• GIVEN RECORDS
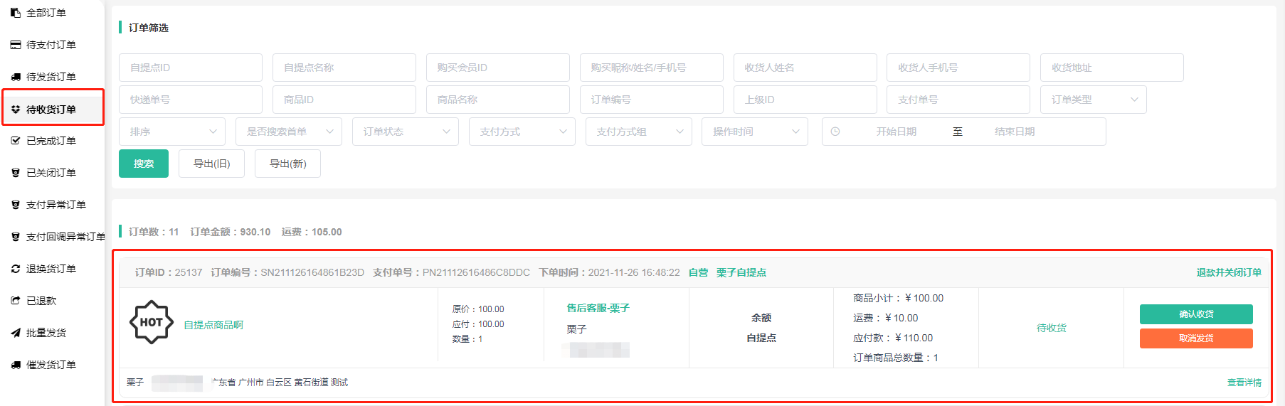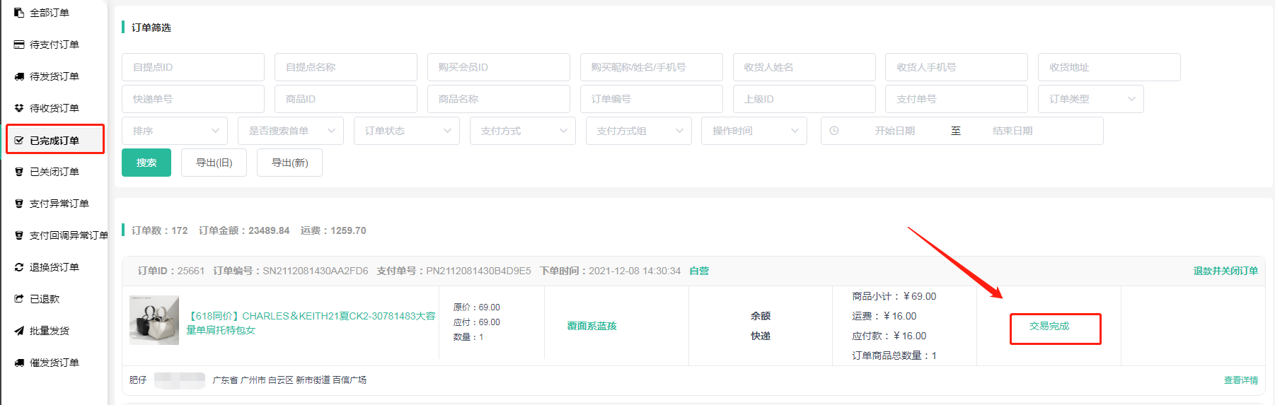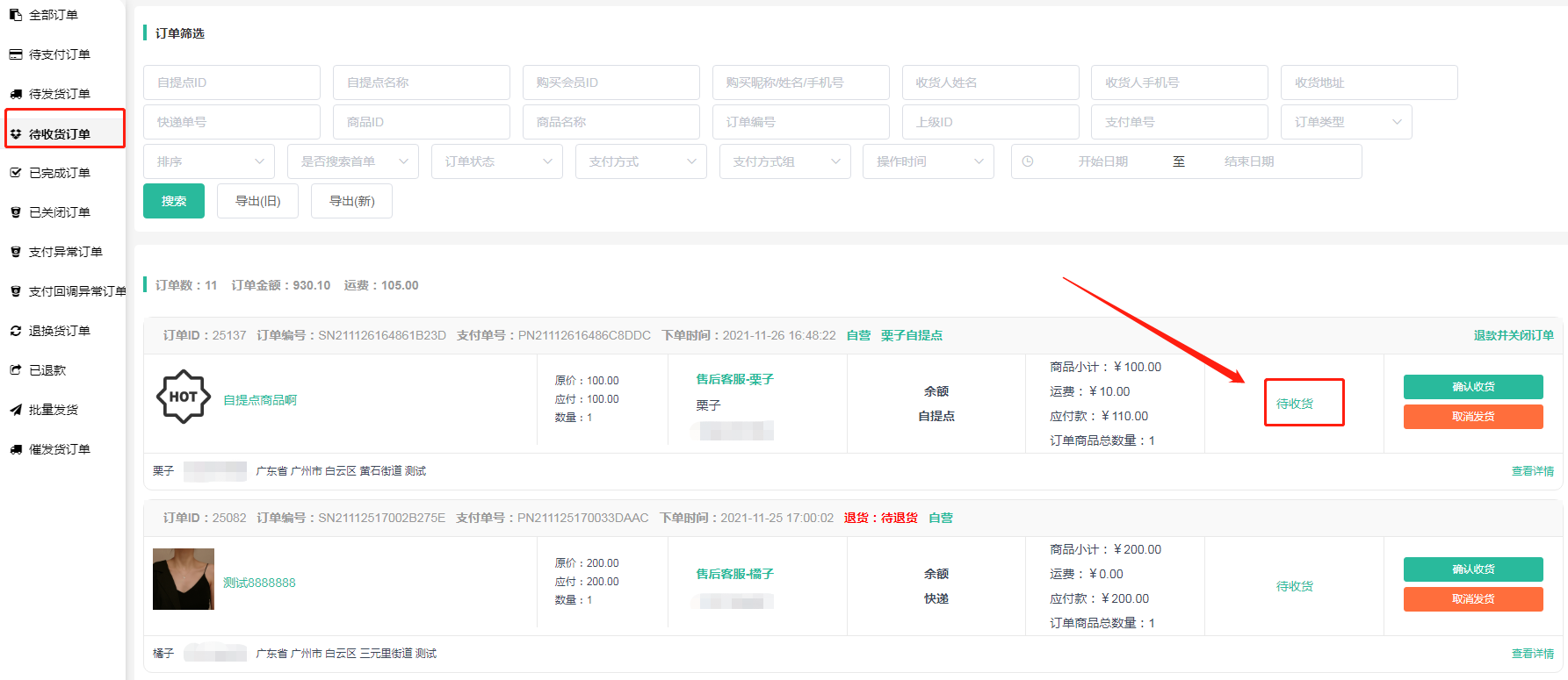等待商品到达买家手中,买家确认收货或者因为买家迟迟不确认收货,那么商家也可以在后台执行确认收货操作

...

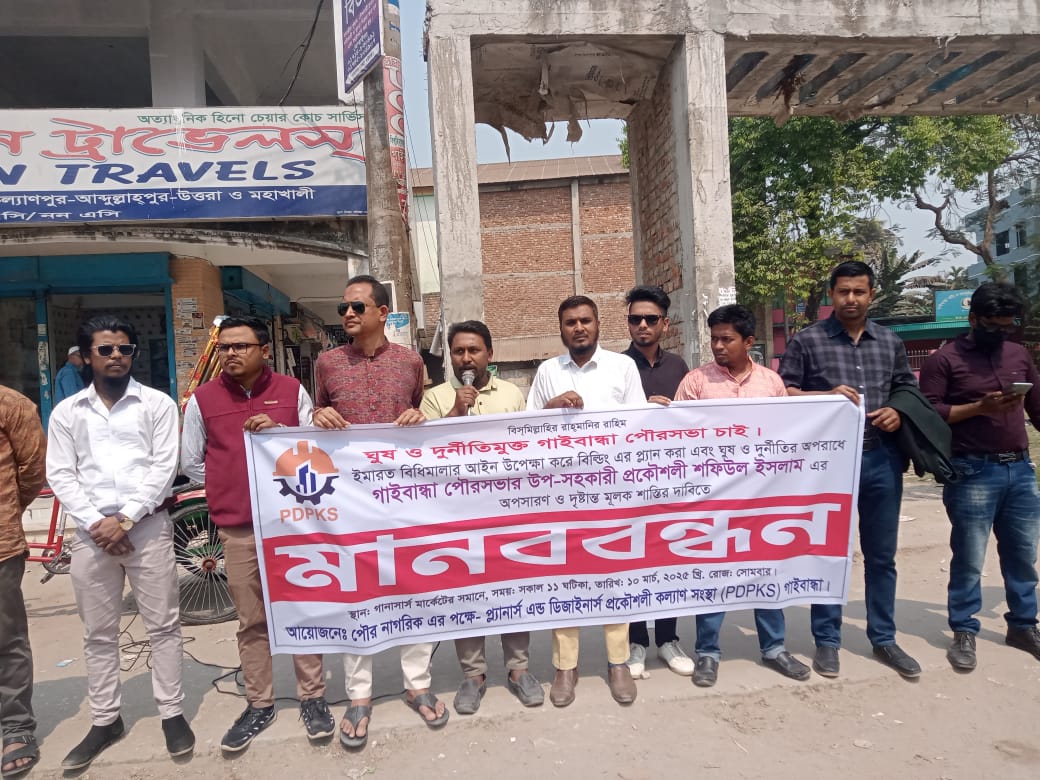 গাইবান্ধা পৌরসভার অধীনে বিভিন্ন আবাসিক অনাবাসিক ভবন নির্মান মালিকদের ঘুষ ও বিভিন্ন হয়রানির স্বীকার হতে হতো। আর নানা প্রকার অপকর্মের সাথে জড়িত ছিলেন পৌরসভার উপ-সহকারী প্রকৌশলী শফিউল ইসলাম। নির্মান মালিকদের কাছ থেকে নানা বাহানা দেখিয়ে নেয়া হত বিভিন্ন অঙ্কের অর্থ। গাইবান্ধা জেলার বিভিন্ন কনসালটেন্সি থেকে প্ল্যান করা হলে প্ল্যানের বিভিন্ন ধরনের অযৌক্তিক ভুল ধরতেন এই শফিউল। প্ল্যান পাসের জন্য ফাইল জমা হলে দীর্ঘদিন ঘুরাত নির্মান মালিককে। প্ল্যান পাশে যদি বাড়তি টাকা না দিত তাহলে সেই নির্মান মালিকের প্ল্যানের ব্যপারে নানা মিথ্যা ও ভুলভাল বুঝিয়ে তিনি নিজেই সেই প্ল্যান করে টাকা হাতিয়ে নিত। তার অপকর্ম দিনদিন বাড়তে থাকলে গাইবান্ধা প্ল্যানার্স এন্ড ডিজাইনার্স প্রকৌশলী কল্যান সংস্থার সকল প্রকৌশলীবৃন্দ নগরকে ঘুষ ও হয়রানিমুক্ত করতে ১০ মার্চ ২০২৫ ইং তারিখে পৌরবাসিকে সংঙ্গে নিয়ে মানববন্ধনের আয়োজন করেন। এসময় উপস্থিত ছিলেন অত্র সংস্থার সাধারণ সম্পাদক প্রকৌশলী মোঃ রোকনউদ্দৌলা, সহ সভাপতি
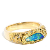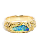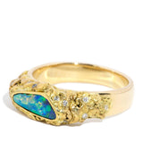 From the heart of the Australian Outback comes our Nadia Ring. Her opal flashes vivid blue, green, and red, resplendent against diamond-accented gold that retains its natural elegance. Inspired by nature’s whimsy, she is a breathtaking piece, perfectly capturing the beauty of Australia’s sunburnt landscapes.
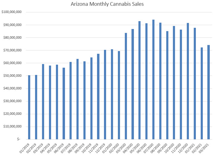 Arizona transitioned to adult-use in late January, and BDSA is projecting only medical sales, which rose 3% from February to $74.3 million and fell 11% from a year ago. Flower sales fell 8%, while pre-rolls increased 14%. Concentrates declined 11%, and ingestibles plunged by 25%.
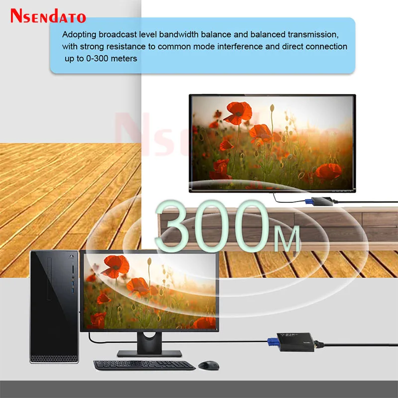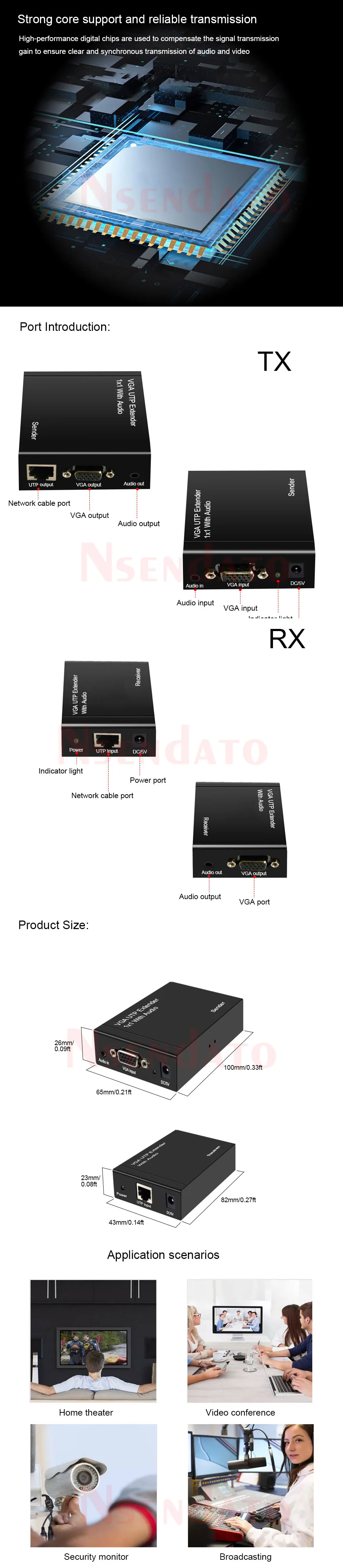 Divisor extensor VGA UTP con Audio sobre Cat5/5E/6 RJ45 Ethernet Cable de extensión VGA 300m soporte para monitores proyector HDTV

• EXERCISE INSTRUCTIONS
Everything above from the line with "From the heart" through the line with "Arizona transitioned to" should be retyped exactly, and nothing else; omit pictures.

• TASK SOLUTION
 From the heart of the Australian Outback comes our Nadia Ring. Her opal flashes vivid blue, green, and red, resplendent against diamond-accented gold that retains its natural elegance. Inspired by nature’s whimsy, she is a breathtaking piece, perfectly capturing the beauty of Australia’s sunburnt landscapes.
 Arizona transitioned to adult-use in late January, and BDSA is projecting only medical sales, which rose 3% from February to $74.3 million and fell 11% from a year ago. Flower sales fell 8%, while pre-rolls increased 14%. Concentrates declined 11%, and ingestibles plunged by 25%.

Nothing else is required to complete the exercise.